Thursday, March 8, 2012

Update: The USSC, The Money, The Rest of Us

Update Notes: Since this was posted, many people have come to realize that the Citizens United ruling (2010), discussed below, has been the worst ruling the USSC has ever made regarding money in politics. For example, the Democrats have this movement afoot - but the GOPers do not - um... wonder why?

History will prove, I strongly believe that if the ruling is not reversed or if it is to amended drastically, then we are witnessing the last days of our what say we love: our country and our way of life, which would change and be gone forever. The question is: What are you prepared to do to help in that regard?

Original Post (February 15, 2011): Justice Thomas and perhaps Justice Scalia are being challenged on their participation in the Citizens United v. the FEC ruling as stated below. Some say they should have recused themselves due to their link with the billionaire Koch (coke) brothers, who have ultra-strong ultra-conservative views the money behind it to prove it - which is the heart of the 5-4 ruling.

Here is recent coverage of this developing story. Run the videos, please (short clip here) and (here).

The basic story comes from the NY Times (here). This is a big story, or at least it should be. That story is based on an inquiry by Common Cause (seen here). Most Americans feel like the guy the left against those on the right, propped up by those in the middle. So what are the odds against us? I'd have to say 5 to 4. Headline of this story: The first anniversary of Citizens United v. the FEC (5-4) decision: Already Hundreds of Millions in Corporate Money Pouring into Elections.

Update Note: That was then now we have seen the effect by "the Candidate's personal billionaires like Sheldon Adelson, Foster Friess, Harold Simmons, and a few others).

Highlights: "After the January 2010 decision, many in the media reported that corporations may be skittish about fully exploiting Citizens United political windfall, but that proved premature. Millions of dollars began flooding into existing electioneering like Americans for Prosperity, backed by benefactors like the Koch brothers and North Carolina retail magnate Art Pope. New groups like Karl Rove's American Crossroads and American Crossroads GPS were quickly erected to funnel tens of millions of dollars into key congressional races. Effective or not? Let's take a look.

Four key points from this Public Citizens report [click here].

1. Outside groups are making record expenditures (more than four times as much spent in the 2010 midterm election cycle as in the last midterm election cycle in 2006).

2. Congressional staffs and lawmakers are intimidated by corporate lobbyists like never before.

3. Laws designed to protect the political system from the corrupting influence of money have been rendered dead in 24 states.

4. Power has shifted in dozens of congressional seats in races won with the help of undisclosed outside money. Still there are many those who falsely say, "It's just good access to our government."

Okay, I'm all for access to government, but easy access for whom? Look at it this way: Suppose you contribute the maximum allowed for individuals ($2,400). Then you see where a giant Corporation or some billionaire "donates" $100,000, or more.
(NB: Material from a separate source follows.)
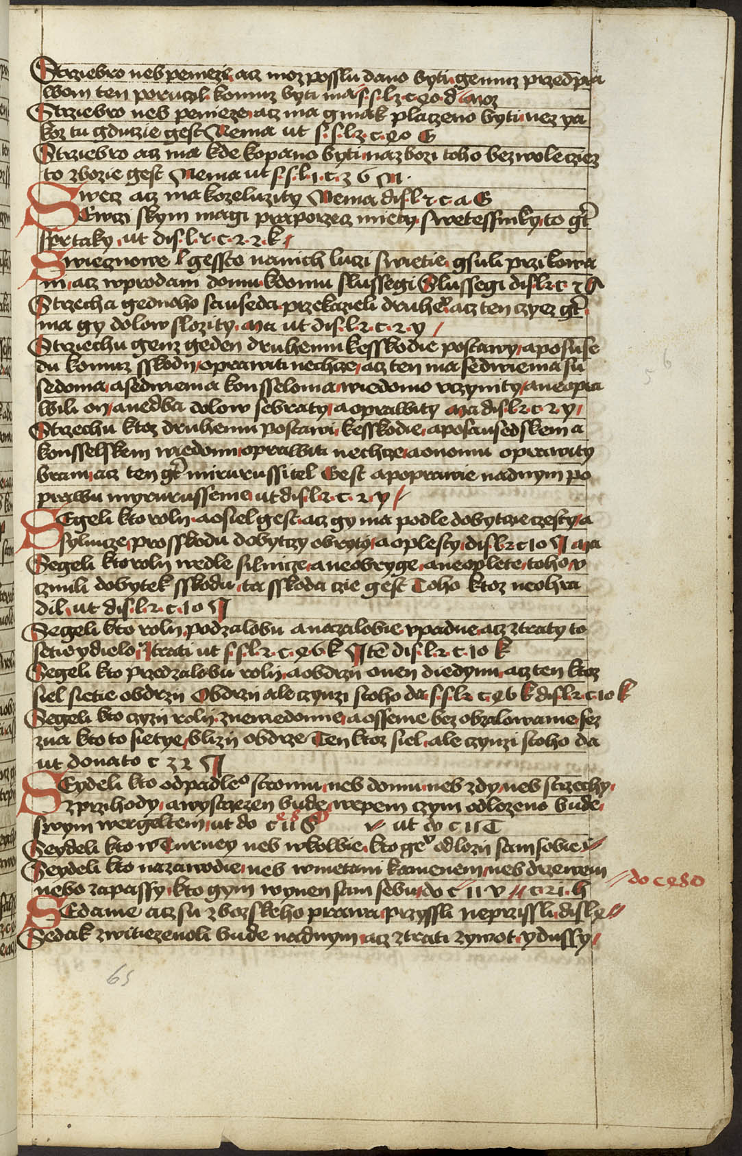 Ir - 95v Abatyše k vojštytu volena ať má manství přijieti, dovod toho v zrcadle sasíckém jinak Speculo Saxonico libro tercio capitulo 19 a v jiných knihách distinccionum libro VIo capitulo II praví, že má přijieti. ... x ... Zrušenie smlúvy před právem učiněné, čím má odloženo býti. Pro ránu ruku, pro vraždu hrdlem ut do. c. z. l. de S. Zrušenie zprávy hledaj napřed de Z. Et sic est finis huius operis per me Jacobum Kožený de Krbova anno domini M CCCC LXIX currente, feria sexta post festum beate Lucie virginis [1469]. Hoc opus presens laboriose utilitate pro communi consumavi.
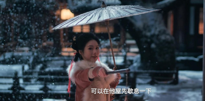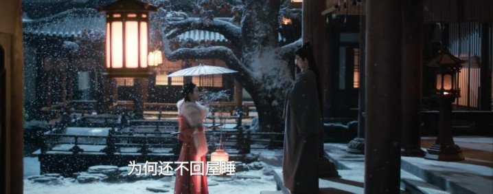 无处可去的他只可独自一东说念主站在寒风中看雪,此时茯苓出现。

Then you try to place a call to your Representative or Senator at the same time the giant Corporation or billionaire calls on line two. Who do you think will get their phone call accepted?

Finally, this little tidbit: As Public Citizen notes, the cloak of secrecy surrounding corporate campaign spending goes against the Supreme Court thinking behind Citizens United, which was that massive corporate spending was acceptable as long as the public knew about it, or as Justice Anthony Kennedy in his opinion for the majority writes in part (and was based in part on the assumption that any dangers posed by the new flood of corporate spending in elections would be mitigated by disclosure) this: "This transparency enables the electorate to make informed decisions and give proper weight to different speakers and messages."

I have three words about that transparency falsehood: "What a Crock." So, does it matter? Should it matter? Will it matter? 5-4 says nope. But, the USSC is flat out wrong and time will prove me correct, and hopefully you, too.